> What you need to do
Below, some lines carry pictures; leave those pictures out and retype exactly the lines from the one with "- To get a head" through the one with "孙家疃街道办事处关于社区撤并、设立方案".

:: Given records

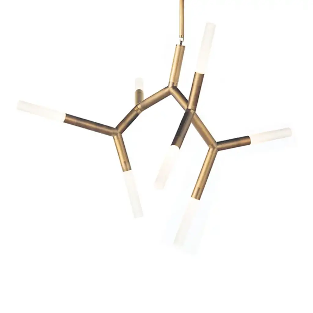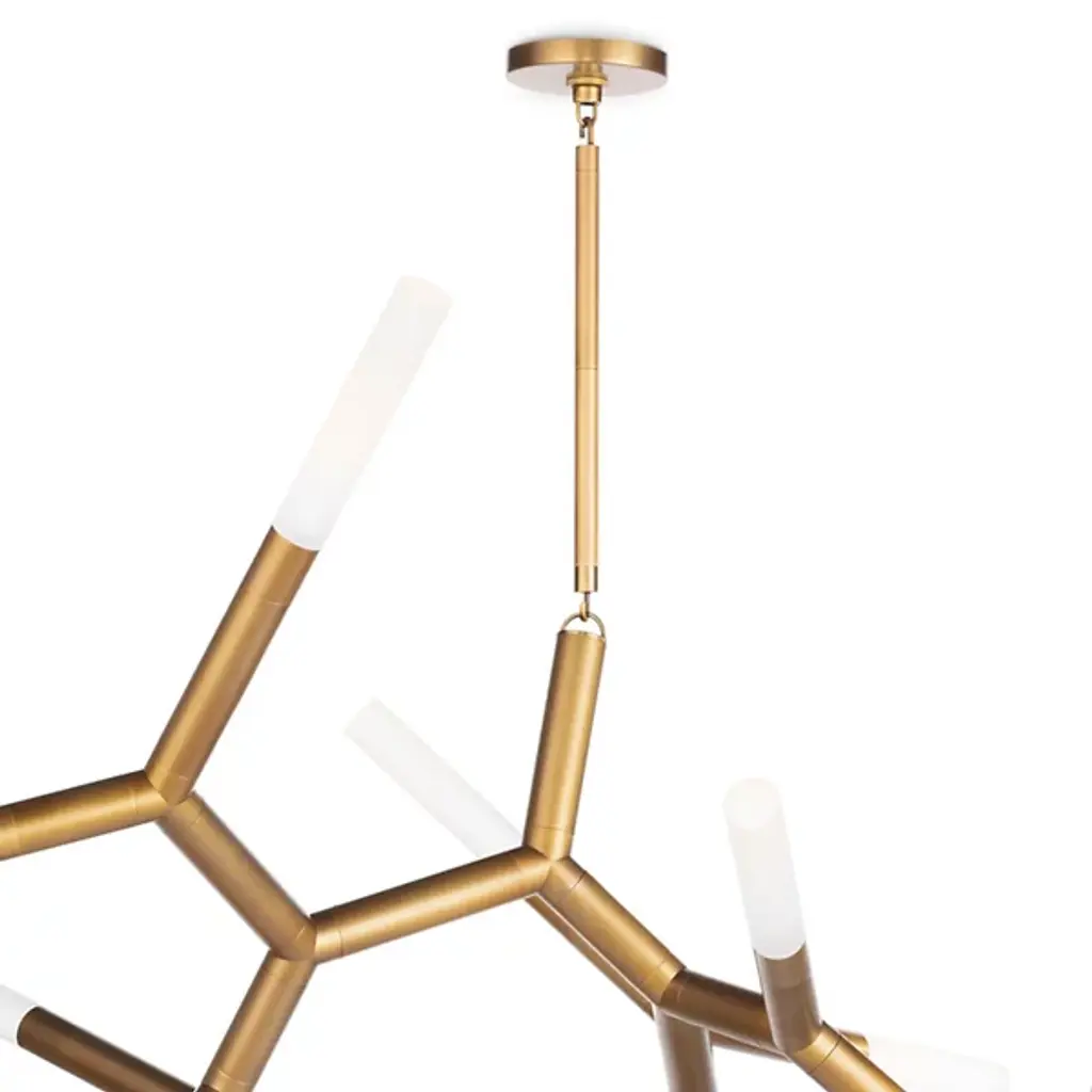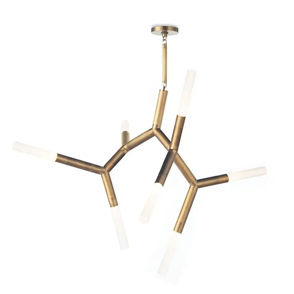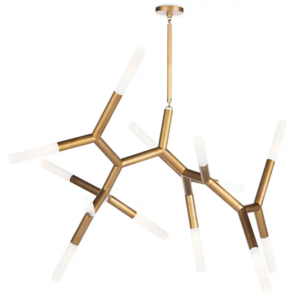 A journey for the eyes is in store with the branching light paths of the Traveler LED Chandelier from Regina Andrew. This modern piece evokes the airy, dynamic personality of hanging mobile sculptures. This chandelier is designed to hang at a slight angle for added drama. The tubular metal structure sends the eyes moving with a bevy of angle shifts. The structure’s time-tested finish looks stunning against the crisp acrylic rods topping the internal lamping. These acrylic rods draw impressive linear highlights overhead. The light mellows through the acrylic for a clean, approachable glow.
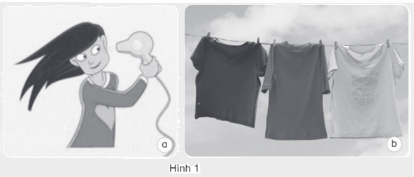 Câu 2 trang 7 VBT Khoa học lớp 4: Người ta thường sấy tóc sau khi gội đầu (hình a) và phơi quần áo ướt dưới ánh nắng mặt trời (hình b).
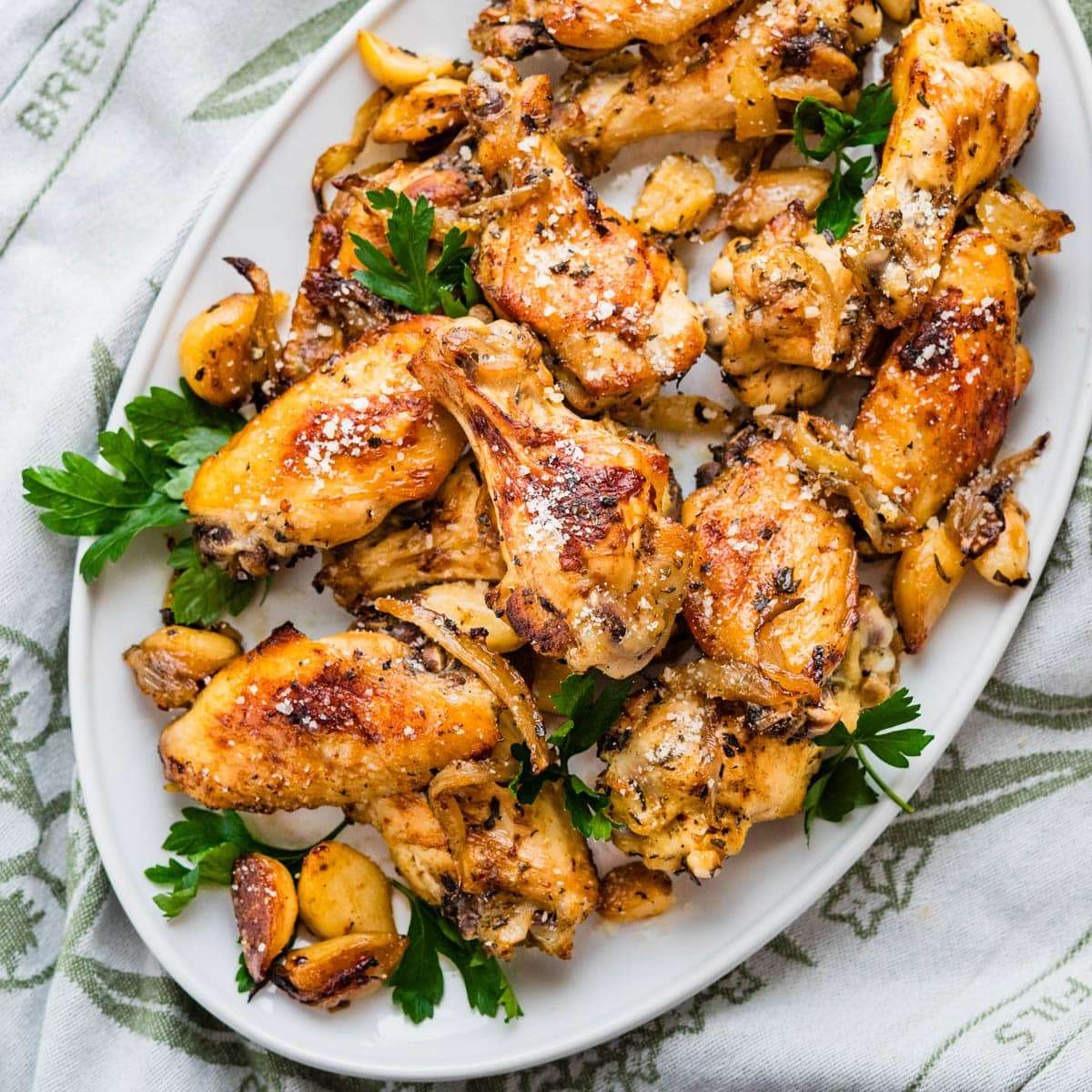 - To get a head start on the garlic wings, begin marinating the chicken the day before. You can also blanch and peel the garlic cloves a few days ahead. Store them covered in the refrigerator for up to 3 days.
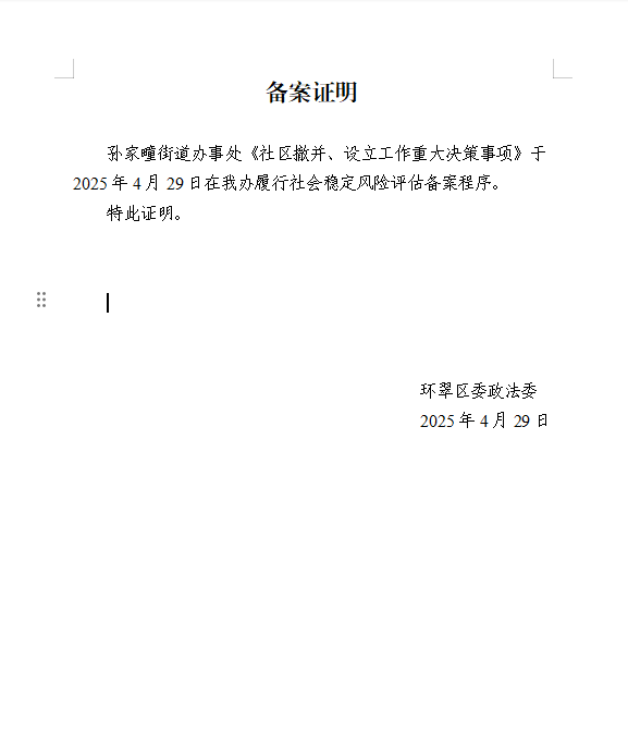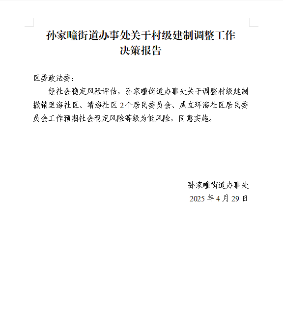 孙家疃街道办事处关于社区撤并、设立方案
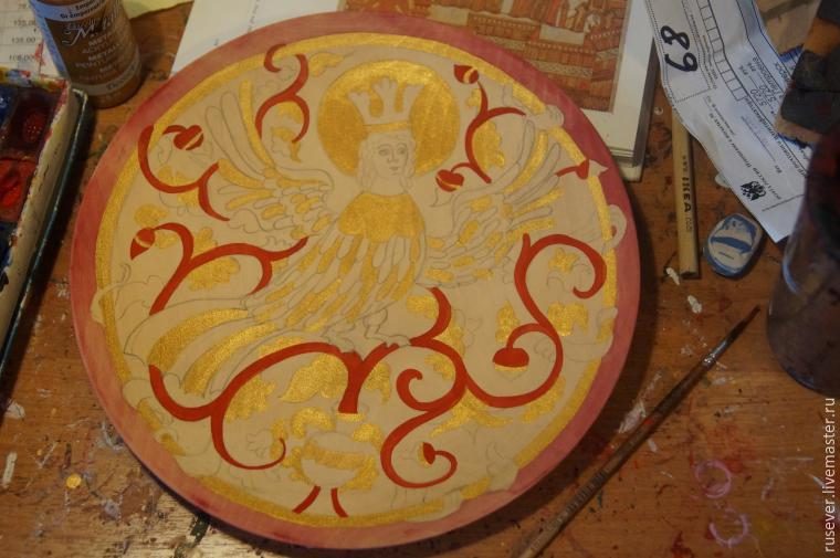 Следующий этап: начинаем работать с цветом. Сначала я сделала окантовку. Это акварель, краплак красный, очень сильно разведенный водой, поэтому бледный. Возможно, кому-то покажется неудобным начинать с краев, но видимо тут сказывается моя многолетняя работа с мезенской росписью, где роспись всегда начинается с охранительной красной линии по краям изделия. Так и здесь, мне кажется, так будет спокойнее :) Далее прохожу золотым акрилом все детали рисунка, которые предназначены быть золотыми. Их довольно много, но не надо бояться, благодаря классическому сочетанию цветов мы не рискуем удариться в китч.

::::

> Problem solution
 - To get a head start on the garlic wings, begin marinating the chicken the day before. You can also blanch and peel the garlic cloves a few days ahead. Store them covered in the refrigerator for up to 3 days.
 孙家疃街道办事处关于社区撤并、设立方案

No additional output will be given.